His father, Khan Bahadur Amjad Ali Choudhury, was a civil advocate who worked in Sylhet as a public prosecutor, and died at court in the 1930s. His mother, Habibunnesa Khanom, was the eldest daughter of Khan Bahadur Dr. Asaddar Ali Khan (1850-1937), Sylhet's first Muslim civil surgeon and the son-in-law of Syed Ameer Ali. A graduate of the Aliah University, Asaddar Ali Khan was also the personal physician to the Bihari Shia lawyer-politician Syed Hasan Imam, the top barrister of Calcutta High Court and leader of the Indian National Congress. Habibunnesa's grandfather, Abid Khan, was the descendant of an Afghan migrant to Bengal. Choudhury's brother, Warith Ali Choudhury, was a member of the Assam Civil Service and a central secretary in the Government of Pakistan. His sister, Khairunnesa Khanom, was a school inspector in eastern Bengal and later the headmistress of Karachi Bengali School. She was married to Ali Ashraf bin Muhammad Nadir of Ambarkhana, a second uncle of Abul Maal Abdul Muhith.

==Education==
Choudhury was educated in Murari Chand College before proceeding to study at Varanasi in North India. He played a role in the Bengali drama scene of Sylhet.

==Career==
In 1937, Choudhury joined the All-India Muslim League as a member of its council. He was also a part of the Assam Provincial Muslim League Working Committee and Council. On 3 August 1941, he sent a letter to Muhammad Ali Jinnah informing him of a meeting in Sarada Memorial Hall presided by Moulvi Abdur Rahman in which the Muslims of Sylhet expressed full faith in Jinnah's leadership. In 1944, Choudhury was elected as the Municipal Commissioner and in a letter to Nawab Mohammad Ismail Khan, he mentioned how he was elected as the President of the All-Assam Muslim Students Federation in January. The erstwhile Congress-led Government of Assam arrested him in 1946 for the Muslim League protests opposing the eviction of Muslims in Upper Assam.

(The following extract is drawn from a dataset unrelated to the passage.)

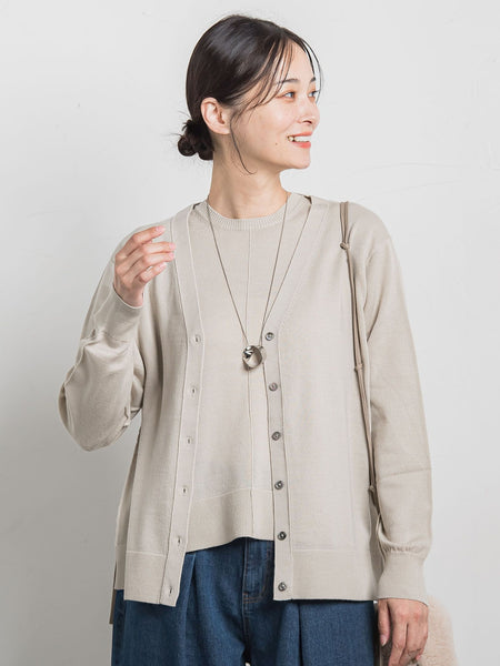 【デザイン】シンプルでベーシックなクルーネックカーディガン。コンパクトなサイジングながらもリラクシーに羽織れるシルエットで、さまざまなスタイリングに合わせやすいデザインです。前立てのボタンがアクセントになり、1枚着や肩掛け、ツインセットなど幅広い着こなしを楽しめます。【素材】毛100%の上質な糸を使用。ナチュラルな光沢と柔らかな風合いが特徴で、さらりとした肌触りで快適に着ていただけます。程よい厚みと軽さを両立し、秋から春先までロングシーズン活躍します。同素材のプルオーバー(3192-57007)とのツインセットスタイリングもおすすめです。

During Jinnah's visit to Sylhet, he stayed at Chowdhury's house. After the Independence of Pakistan, Choudhury joined the Working Committee of the East Bengal Muslim League, the Muslim League Mass Contact Committee and the Pakistan Muslim League Council.

Choudhury was a Member of the 4th National Assembly of Pakistan representing Sylhet-II constituency as an independent candidate. A dinner was held in his honour at the residence of Begum Dolly Azad. He also served as the Minister of Industries and Natural Resources, based in Rawalpindi, on 6 July 1968.

==Death==
Choudhury did not partake in the Bangladesh Liberation War but was a member of the Shanti Committee and favoured Urdu as the national language of Pakistan. In Parliament, he had expressed that language was not the issue, but it was rather the fact that the variant of Bengali was too "Sanskritized". He attended an anti-independence meeting hosted by Dr Abdul Majid at the Sylhet Register Maidan, which was also attended by the likes of Abdul Latif Chowdhury Fultali. He opposed the breakup of Pakistan, mentioning on 22 August 1971 that Sylhet joined Pakistan through a referendum and that it is a sacred duty to maintain the integrity of Pakistan and thwart "Indian conspiracy". On 18 December 1971, after the Independence of Bangladesh, Choudhury was targeted by freedom fighters whilst at the Shah Jalal Dargah near his home in Sylhet town. He was taken to the streets by the Mukti Bahini where he was publicly assassinated and his body was mutilated. The body was left on display outside the Sylhet Government College for three days before his family retrieved it and gave him a burial. The erstwhile Additional Deputy Commissioner of Sylhet, AMM Shawkat Ali, mentioned that Sylhet's administrator Dewan Farid Gazi stated that the newly founded Government of Bangladesh had not authorised for anyone's killing and to take precautionary measures.